Re: [PATCHv4 7/7] builtin/describe.c: describe a blob

2017-11-16 Thread Junio C Hamano
Junio C Hamano  writes:

> Stefan Beller  writes:
>
>> grep "fatal: test-blob-1 is neither a commit nor blob" actual
>
> OK, that might be somewhat unsatisfying from end-user's point of
> view (logically "test-blob-1" is already a name based on the 'graph
> relations' that is satisfactory).

... but that is correct and I think we need any further updates to
address it.  If a user starts with a tag object, the user already
has one usable human-readable name.  By "unsatisfying", I didn't
mean that it is something we need to spend more cycles.



Re: [PATCHv4 7/7] builtin/describe.c: describe a blob

2017-11-15 Thread Junio C Hamano
Stefan Beller  writes:

> grep "fatal: test-blob-1 is neither a commit nor blob" actual

OK, that might be somewhat unsatisfying from end-user's point of
view (logically "test-blob-1" is already a name based on the 'graph
relations' that is satisfactory).

[side note] should that grep become test_i18ngrep?
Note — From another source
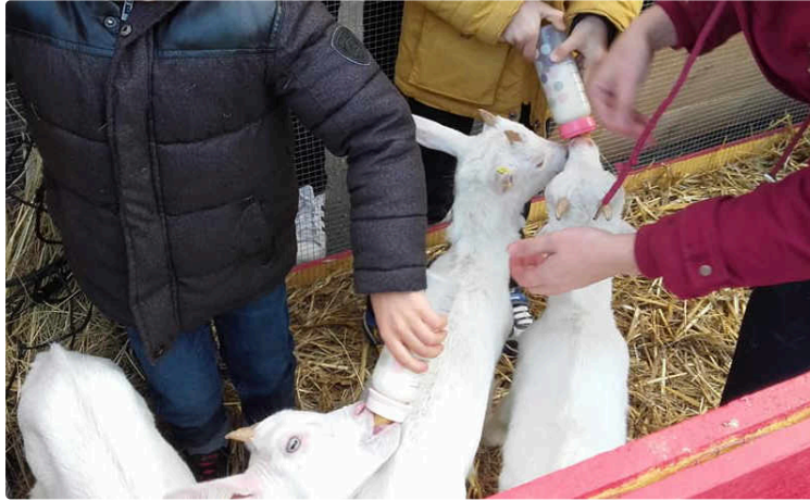
Samedi 7 décembre, journée d'adoption plutôt réussie

Mais fin de semaine, réveil, comme pour beaucoup peut-être, un peu difficile !

If this machinery is to find an object that is *bad* (in the sense
in one of your earlier messages), I suspect it may be quite easy to
use the new mechanism added by the series to also locate a tree
object and report "that tree appears in this commit at this path"
and it would be equally useful as the feature to find a blob.

Thanks.



Re: [PATCHv4 7/7] builtin/describe.c: describe a blob

2017-11-15 Thread Stefan Beller
>
> Give an object a human readable name based on an available ref
>
> or something like that?

will use

> Or a sentence in BUGS section.

will add.

> A case (or two) I find more interesting is to see how the code
> behaves against these:
>
> git tag -a -m "annotated blob" a-blob HEAD:Makefile
> git tag -a -m "annotated tree" a-tree HEAD:t
> git describe a-blob a-tree

Glad I added a test for exactly this (well only the a-blob case,
but a-tree will be the same):

test_expect_success 'describe tag object' '
 git tag test-blob-1 -a -m msg unique-file:file &&
test_must_fail git describe test-blob-1 2>actual &&
grep "fatal: test-blob-1 is neither a commit nor blob" actual
 '


Re: [PATCHv4 7/7] builtin/describe.c: describe a blob

2017-11-15 Thread Stefan Beller
On Tue, Nov 14, 2017 at 5:52 PM, Jonathan Tan  wrote:
> On Tue, 14 Nov 2017 16:30:43 -0800
> Stefan Beller  wrote:
>
>> The walking is performed in reverse order to show the introduction of a
>> blob rather than its last occurrence.
>
> The code as implemented here does not do this - it instead shows the last
> occurrence.

fixed to show the first occurrence.

>
>>  NAME
>>  
>> -git-describe - Describe a commit using the most recent tag reachable from it
>> +git-describe - Describe a commit or blob using the graph relations
>
> I would write "Describe a commit or blob using a tag reachable from it".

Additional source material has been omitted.